Backward Pass (Backpropagation)
Now, the goal is to understand how much each parameter in the model contributed to the error. Backpropagation is the process of working backward through the network to calculate these contributions.
Updating Parameters
For each layer, you figure out how much it should adjust its internal parameters to reduce the error. This adjustment is proportional to the contribution of that layer to the overall error.
The learning algorithm uses this information to update the weights and biases in the network so that, ideally, the error decreases.
Repeating the Process
You repeat this process—forward pass, calculate error, backward pass, update parameters—until the model gets good at making predictions, and the error is minimized.
Think of it like a student learning from mistakes in solving math problems. The student first attempts to solve a problem, checks the answer, realizes where the mistake was, understands how each step contributed to the error, and adjusts their approach for the next attempt.
Backpropagation is a similar process of learning from mistakes and iteratively improving the model’s performance.
GPT and BERT
GPT (Generative Pre-trained Transformer) and BERT (Bidirectional Encoder Representations from Transformers) are popular natural language processing (NLP) models, but they have key differences in their architectures and objectives.
Architecture
GPT (Generative Pre-trained Transformer): GPT is designed as a generative model, meaning it can generate coherent and contextually relevant text. It uses a transformer architecture where information flows from left to right (unidirectional) in its layers.
BERT (Bidirectional Encoder Representations from Transformers): BERT, on the other hand, is designed as a discriminative model. It focuses on understanding the context of words in a bidirectional manner, considering both left and right contexts simultaneously. This bidirectionality is achieved through a masked language model objective during pre-training.
Pre-training Objectives
GPT: GPT is pre-trained to predict the next word in a sentence, given the preceding context. It learns to generate coherent and contextually appropriate text based on this training objective.
BERT: BERT is pre-trained using a masked language model objective, where random words in a sentence are masked, and the model is trained to predict these masked words using both left and right context.
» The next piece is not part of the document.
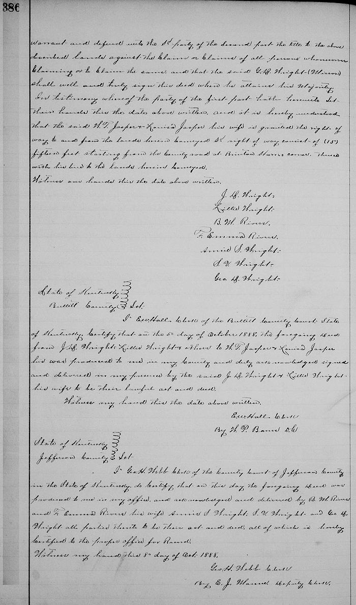 This indenture made this the 3rd day of October 1888 by and between J. D. Wright & Lille Wright his wife of Bullitt County, state of Kentucky, B. M. Rivers & F. E. Rivers his wife, S. V. Wright, Annie S. Wright and G. D. Wright (minor) of Jefferson County, state aforesaid of the first part, and W. T. Jasper and Louisa Jasper his wife of the state aforesaid and county of Bullitt of the second part.

This bidirectional pre-training helps BERT capture deeper contextual understanding.
Fine-tuning
GPT: GPT is often fine-tuned for specific downstream tasks, such as text completion, summarization, or question answering. It adapts its pre-trained knowledge to perform well on specific applications.
BERT: BERT is fine-tuned for various tasks as well, but its bidirectional nature makes it especially effective for tasks like question answering, named entity recognition, and sentiment analysis.
Use Cases
GPT: GPT is well-suited for tasks that involve generating human-like text, such as text completion, dialogue generation, and story generation.
BERT: BERT is often preferred for tasks that require a deep understanding of context, such as question answering, sentiment analysis, and language translation.
In summary, GPT and BERT differ in their architectural designs, pre-training objectives, and applications. GPT is a generative model that predicts the next word in a sentence, while BERT is a discriminative model that learns bidirectional contextual representations through masked language model training. The choice between them depends on the specific requirements of the NLP task at hand.